▶ [WHAT TO WORK ON]: What you output must match, exactly, the lines from the start of the records to the line containing "c_supe,child,blonde hair,blue eyes,pink", both ends kept and pictures excluded.

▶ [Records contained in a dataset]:
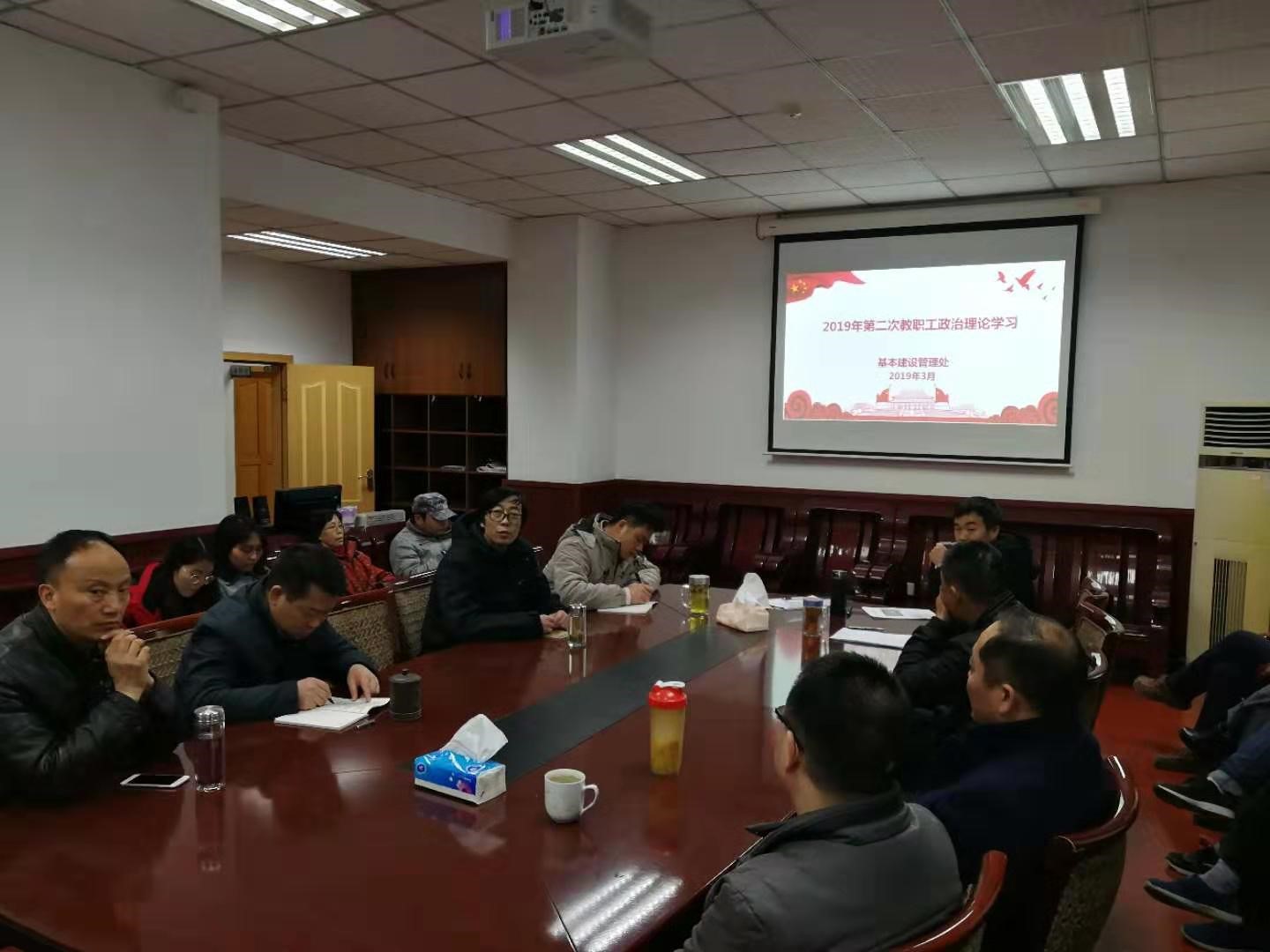 按照学校统一安排,2019年3月1日下午,基本建设管理处全体教职工开展了本年度第二次政治理论学习会。学习会由吴新宇副处长主持。
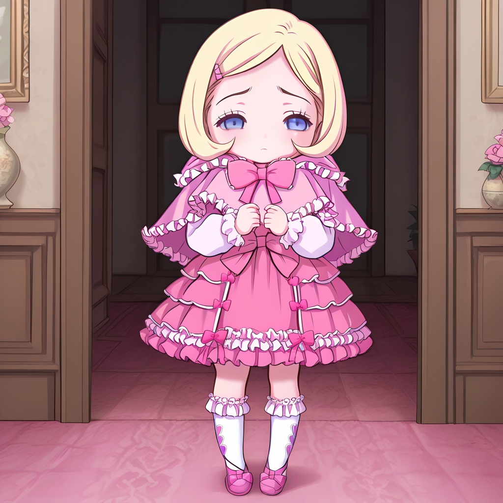 c_supe,child,blonde hair,blue eyes,pink hood,pink bow,pom pom \(clothes\),pink capelet,pink dress,white socks,kneehighs,pink footwear,pink wings
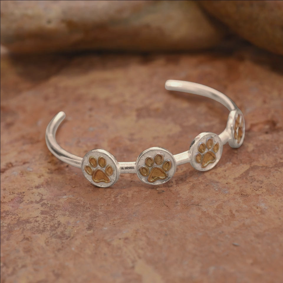 Тази ръчно изработена сребърна гривна 925 със златни акценти е емоционално бижу за хора, които носят любовта към животните близо до себе си. Лапичките, подчертани с топъл златист детайл, придават мек контраст и усещане за грижа, близост и споделени моменти.
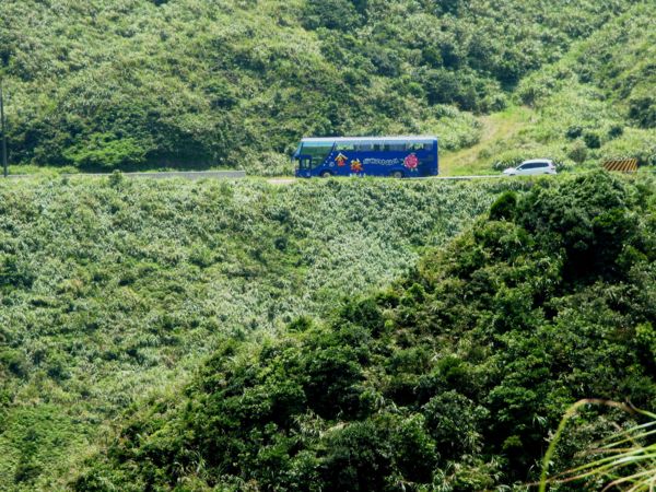 回首停在瑞雙公路的遊覽車
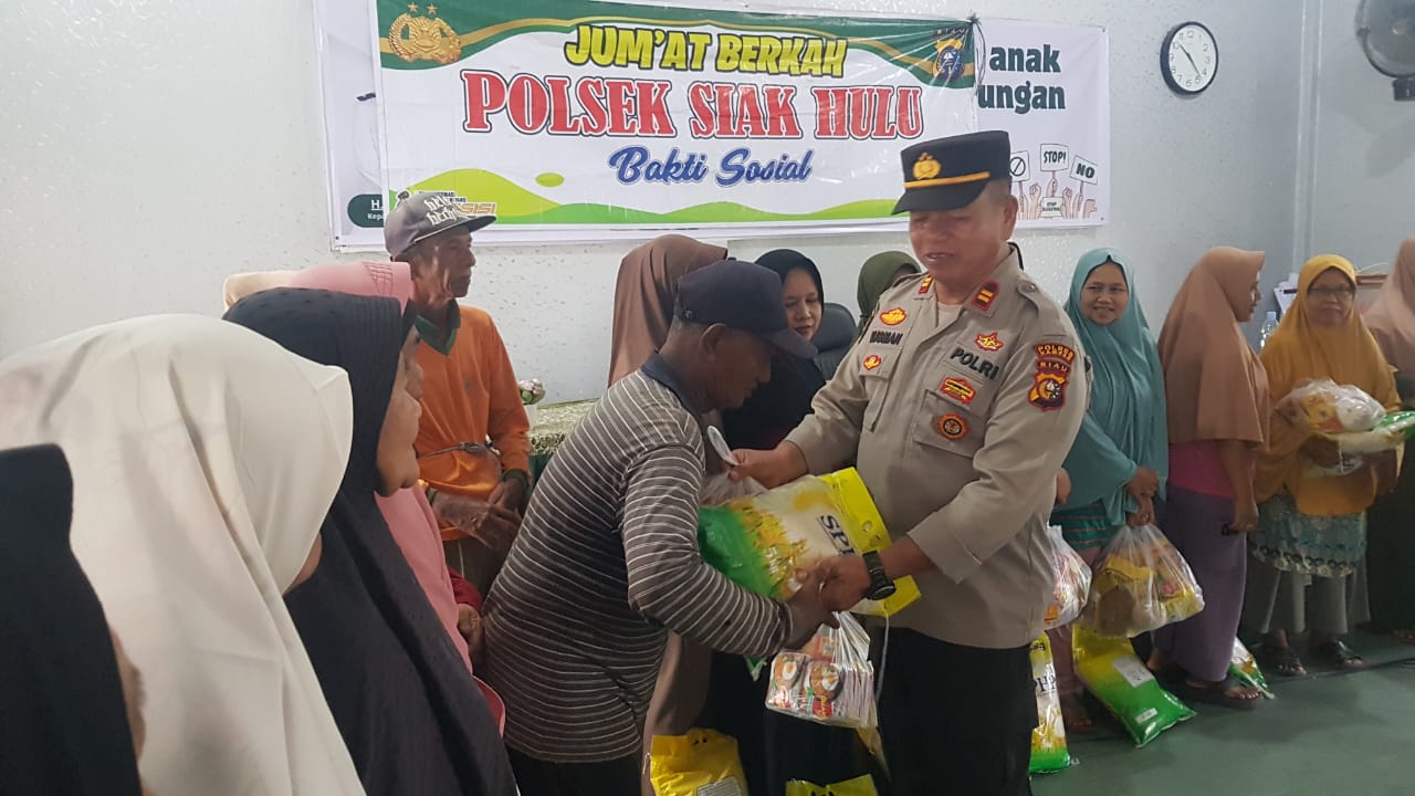 Polsek Siak Hulu Terus Berbagi Dalam Jum’at Berkah, Dan Mengajak Masyarakat Untuk Jaga Kamtibmas Pasca Pilkada
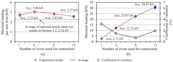 Experiment result. (a) Maximal loading; (b) maximal loading per unit rivet.
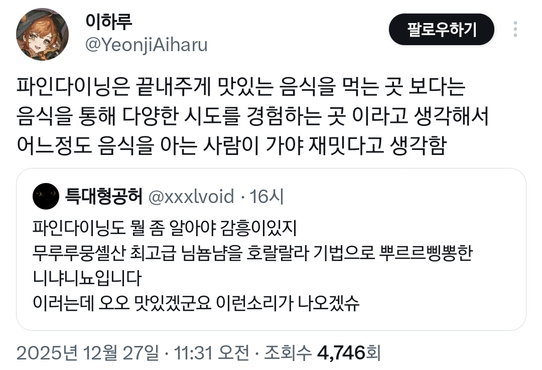 작성자무화과깜빠뉴 작성시간 25.12.28 안 가봤는데 진심 흥미가 안 생겨 맛있는 걸 좋아하지 신기한 걸 원하지 않음
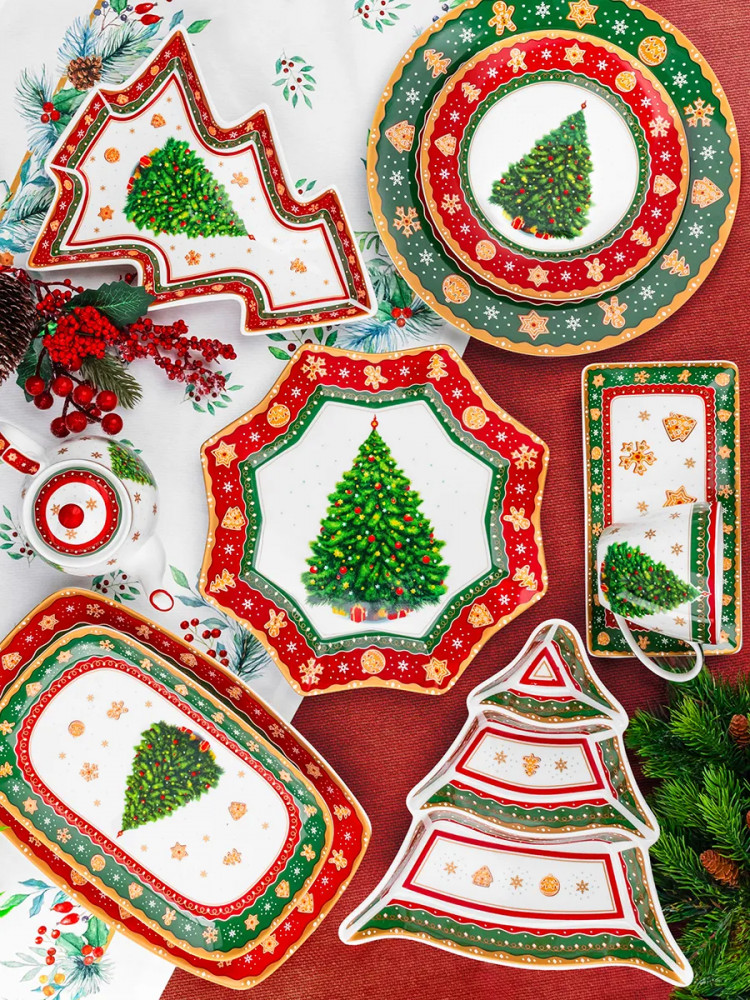 Каждое блюдце станет незаменимым помощником при сервировке завтрака, ужина или вторых блюд на обед. Эргономичная форма позволит разместить на них любую еду, от блинов до пасты. Фарфоровая посуда отличается от керамики повышенной плотностью. Фарфор не впитывает цвет продуктов и не деформируется от влаги, чему может быть подвержена керамическая посуда. Нарядный комплект можно использовать для сервировки стола как в будни, так и на праздник. Поставляется в яркой картонной коробке. Вам не придётся искать дополнительную подарочную упаковку, чтобы сделать сюрприз близким на праздник. Сервировочные блюда — хороший вариант подарка, они станут украшением кухни и праздничного стола. В серии вы найдёте все необходимое, чтобы встретить Новый год и Рождество в тёплом семейном кругу. В коллекции бренда Elan Gallery можно найти много красивого кухонного и столового инвентаря, товаров для дома, а также собрать оригинальный сервиз на свой вкус.

▶ [SOLVED EXERCISE]:
 按照学校统一安排,2019年3月1日下午,基本建设管理处全体教职工开展了本年度第二次政治理论学习会。学习会由吴新宇副处长主持。
 c_supe,child,blonde hair,blue eyes,pink hood,pink bow,pom pom \(clothes\),pink capelet,pink dress,white socks,kneehighs,pink footwear,pink wings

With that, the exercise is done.